Lewis thinks that authors like Gaius and Titius are misguided in their excessive fear of sentimentalism. The real problem with modern students, he believes, is that their sentiments have not been properly trained. Lewis believes that this is because modern educators no longer believe in objective value. That is, they do not believe that objects (like a beautiful waterfall) intrinsically merit certain human responses. Thus any expression of a human response is regarded as a statement merely about the speaker’s psychology, not a statement of an objectively merited value.
Lewis cites a range of traditions—Platonic, Aristotelian, Christian, Hindu, and Taoist—which he sums up as the “Tao.” The Tao is a repository of beliefs in which objective value is upheld: objective value being “the belief that certain attitudes are really true, and others really false, to the kind of thing the universe is and the kind of things we are.” Modern education, as exemplified by Gaius and Titius’s Green Book, rejects the Tao. Moreover, it rejects the ancient, Platonic conception of the human being as one whose reason rules the appetites by means of the emotions, or sentiments—“the head rules the belly through the chest.” Today’s educational system, consequently, produces “Men Without Chests.”
In his second lecture, “The Way,” Lewis argues that modern educators are dangerous for society because they try to get beyond the Tao in order to discover supposedly more basic values beneath the traditional ones. He discusses a hypothetical Innovator who seeks a rationalistic basis for the belief that it is good to die for one’s country. He argues that, even if the Innovator could prove that it is more rational to die for the sake of society than to refuse to die, he would still need to prove that society is worth preserving. Bare rationalism, in other words, will not get the Innovator where he desires to go.
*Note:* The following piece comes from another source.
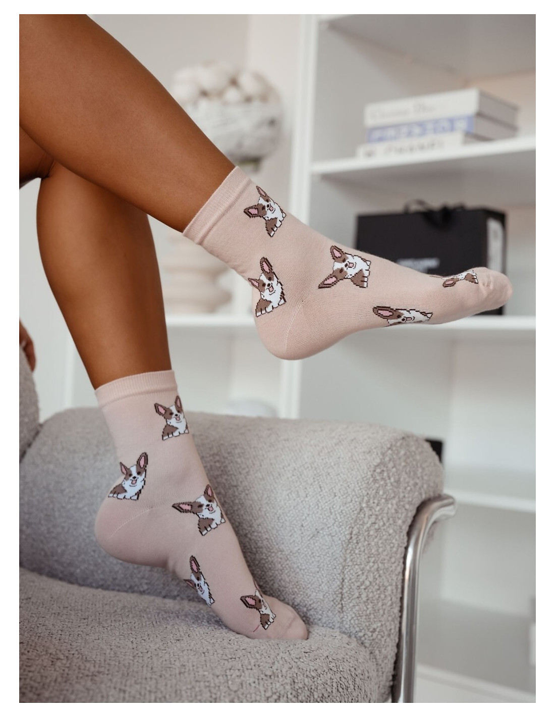 Skarpety damskie - aukštos kokybės bawełna - ozdobione kolorowym wzorem w pieski - idealiai przylegają do stopy

Similarly, the Innovator will not find much help in instinct as a way of getting underneath traditional values. Because all people wrestle with conflicting instincts, there must be some external basis for distinguishing between them.
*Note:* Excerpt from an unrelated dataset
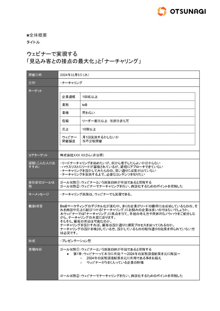 ウェビナー企画の作り方を踏襲した、OTSUNAGI特製の企画書テンプレートを無料でプレゼントいたします!

Because neither rational propositions nor instinct provide a stable alternative to the Tao, the best the Innovator can do is to select bits and pieces from the Tao, without being able to justify the elevation of one bit over another (for instance, how can he choose between duty to one’s children and duty to one’s parents?). Lewis concludes, therefore, that the Tao is the basis for all value systems, and that it must be accepted or rejected as a whole. This does not mean that the Tao can never change or develop. However, a development from within—by someone who already understands and accepts the Tao—is different from an innovation imposed from without.
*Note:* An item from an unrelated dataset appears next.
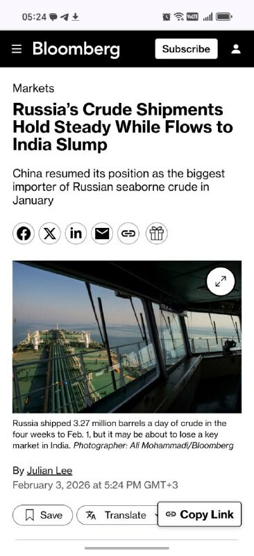 POUR LES RUSSOPHOBES QUI NE COMPRENNENT PAS QUE LE MONDE NE PEUT PAS SE PASSER DE L'ENERGIE RUSSE SANS PROVOQUER UNE CRISE MONDIALE L'exportation de pétrole russe reste stable, malgré la pression extérieure, la Chine restant le plus grand acheteu

In the third and final lecture, “The Abolition of Man,” Lewis considers what happens when people think of the Tao as just one among many aspects of “Nature” that humanity now has the power to conquer. What, in fact, does the “conquest of Nature” mean? Lewis argues that in the case of technologies like airplanes, the radio, or contraception, power over nature really means “a power exercised by some men over other men with Nature as its instrument.” Eventually, this means that a select group of people will succeed in shaping others—through such means as eugenics and propaganda—into whatever they wish. While oppression has always been present in societies, modern governments and technologies wield the potential for far greater oppressive power. And unlike past generations, they are unfettered by any sense of fidelity to the Tao. By stepping outside the Tao, such people are no longer recognizably human in any traditional sense. By achieving victory over humanity itself, they have attained “the abolition of man.”
Lewis argues that modern humanity cannot have it both ways: we must either have rational spirits which are subject to the Tao, or we are raw material to be manipulated at will by select masters who are subject only to their natural impulses. Perhaps modern science can still be salvaged, such that it can harness the powers of nature without itself being conquered. On the other hand, perhaps modern analytical methods inherently destroy things in the process of trying to examine them. Lewis concludes with the warning that the whole point of trying to see through something is so that one can see something beyond it—like a garden through a window. Trying to “see through” things, like objective values, for its own sake is nonsense—it leads to a world in which everything is transparent, and in which seeing is therefore the same as not seeing.